L’ORQUE (Opérations de reconquête de la qualité de l’eau) de Caix au nord d’Amiens en est une illustration. «C’est un bassin de 5 300 hectares dans un secteur de grandes cultures. Un plan d’action a été décidé en 2013 suite à des problèmes de phytos et de nitrates dans les eaux», développe Vincent Valin. Près de 110 agriculteurs étaient ainsi concernés. Les différentes parties prenantes ont décidé de graduer les enjeux et objectifs à trois et cinq ans en définissant, en particulier, un «état zéro» sur lequel s’appuyer pour comparer les avancées.
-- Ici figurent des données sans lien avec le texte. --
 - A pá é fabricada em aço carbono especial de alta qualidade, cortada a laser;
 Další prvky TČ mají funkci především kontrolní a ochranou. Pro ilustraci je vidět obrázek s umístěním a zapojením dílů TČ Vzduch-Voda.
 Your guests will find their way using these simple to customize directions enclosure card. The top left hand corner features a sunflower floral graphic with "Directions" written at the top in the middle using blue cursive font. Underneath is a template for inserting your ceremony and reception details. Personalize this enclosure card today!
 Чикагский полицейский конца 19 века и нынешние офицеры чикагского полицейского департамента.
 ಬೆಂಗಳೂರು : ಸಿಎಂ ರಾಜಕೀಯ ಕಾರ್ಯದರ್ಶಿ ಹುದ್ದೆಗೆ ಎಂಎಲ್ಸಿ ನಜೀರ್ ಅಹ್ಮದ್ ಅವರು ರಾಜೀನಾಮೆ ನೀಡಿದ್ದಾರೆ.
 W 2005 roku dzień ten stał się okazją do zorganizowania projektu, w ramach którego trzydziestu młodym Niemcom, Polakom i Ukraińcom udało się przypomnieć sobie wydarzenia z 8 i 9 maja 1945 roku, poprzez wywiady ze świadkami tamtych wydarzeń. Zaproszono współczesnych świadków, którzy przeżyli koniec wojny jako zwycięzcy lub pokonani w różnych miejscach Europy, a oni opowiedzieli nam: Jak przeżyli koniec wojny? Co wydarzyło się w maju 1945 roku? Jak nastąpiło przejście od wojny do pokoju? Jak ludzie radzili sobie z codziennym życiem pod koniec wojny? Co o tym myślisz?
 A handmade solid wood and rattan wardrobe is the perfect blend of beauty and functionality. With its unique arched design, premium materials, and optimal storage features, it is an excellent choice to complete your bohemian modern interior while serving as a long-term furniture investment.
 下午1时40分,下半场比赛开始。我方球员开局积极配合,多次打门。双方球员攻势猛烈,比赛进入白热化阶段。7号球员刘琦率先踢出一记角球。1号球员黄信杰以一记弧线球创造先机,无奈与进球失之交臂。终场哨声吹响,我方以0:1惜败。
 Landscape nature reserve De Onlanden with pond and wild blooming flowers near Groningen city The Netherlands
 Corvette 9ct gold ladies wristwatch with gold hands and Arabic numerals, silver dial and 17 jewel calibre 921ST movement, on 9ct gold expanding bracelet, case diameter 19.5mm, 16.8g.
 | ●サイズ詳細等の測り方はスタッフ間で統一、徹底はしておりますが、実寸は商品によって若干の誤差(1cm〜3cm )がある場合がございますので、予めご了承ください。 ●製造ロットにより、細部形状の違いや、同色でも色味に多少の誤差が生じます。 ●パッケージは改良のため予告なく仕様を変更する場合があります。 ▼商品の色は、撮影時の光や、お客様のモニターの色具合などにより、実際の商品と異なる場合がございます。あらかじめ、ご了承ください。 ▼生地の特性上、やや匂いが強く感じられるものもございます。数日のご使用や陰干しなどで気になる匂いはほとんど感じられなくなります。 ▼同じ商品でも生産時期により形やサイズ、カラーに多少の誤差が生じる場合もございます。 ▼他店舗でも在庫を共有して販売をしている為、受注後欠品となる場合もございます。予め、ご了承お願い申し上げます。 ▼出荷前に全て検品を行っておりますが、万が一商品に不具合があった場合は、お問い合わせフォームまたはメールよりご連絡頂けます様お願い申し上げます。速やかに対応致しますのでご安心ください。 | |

Les résultats finaux étaient positifs. «Le suivi et les indicateurs de mesure sont aussi très importants pour marquer le progrès», souligne le représentant de l’agence de l’eau. De son côté, un autre intervenant présent dans la salle et travaillant à l’Institut du Végétal (Arvalis) insiste sur l’importance de la phase de diagnostic dans ce type d’action, et recommande de ne pas hésiter à hiérarchiser les causes. D’après lui, pour réussir à motiver les agriculteurs, il faut donner des objectifs concrets. «A la FNSEA, on essaie de promouvoir les contrats de prestation de services environnementaux. Il est possible de contractualiser de manière pluriannuelle. Ce sont des contrats gagnant-gagnant sans stigmatiser», informe Éric Thirouin.

Programme AZUR : des actions d’agriculteurs pour l’environnement

Le programme AZUR développé par Arvalis vise à optimiser la fertilisation azotée pour améliorer la qualité de l’eau sans pour autant pénaliser la production. «On ne peut pas à la fois prôner le 4/1000  qui nécessite plus de biomasse et donc plus d’azote et d’un autre côté instaurer des mesures coercitives sur l’azote», remarque Olivier Dauger, président de la chambre d’Agriculture de l’Aisne qui rappelle que près de 55 % des pollutions de l’eau proviennent de pollutions ponctuelles. «L’optimisation de la fertilisation détermine la teneur en protéine des blés, il s’agit donc de mettre la bonne dose au bon moment et au bon endroit», conclut Philippe Pinta, président de l’AGPB qui demande à ce que les politiques fassent confiance aux agriculteurs.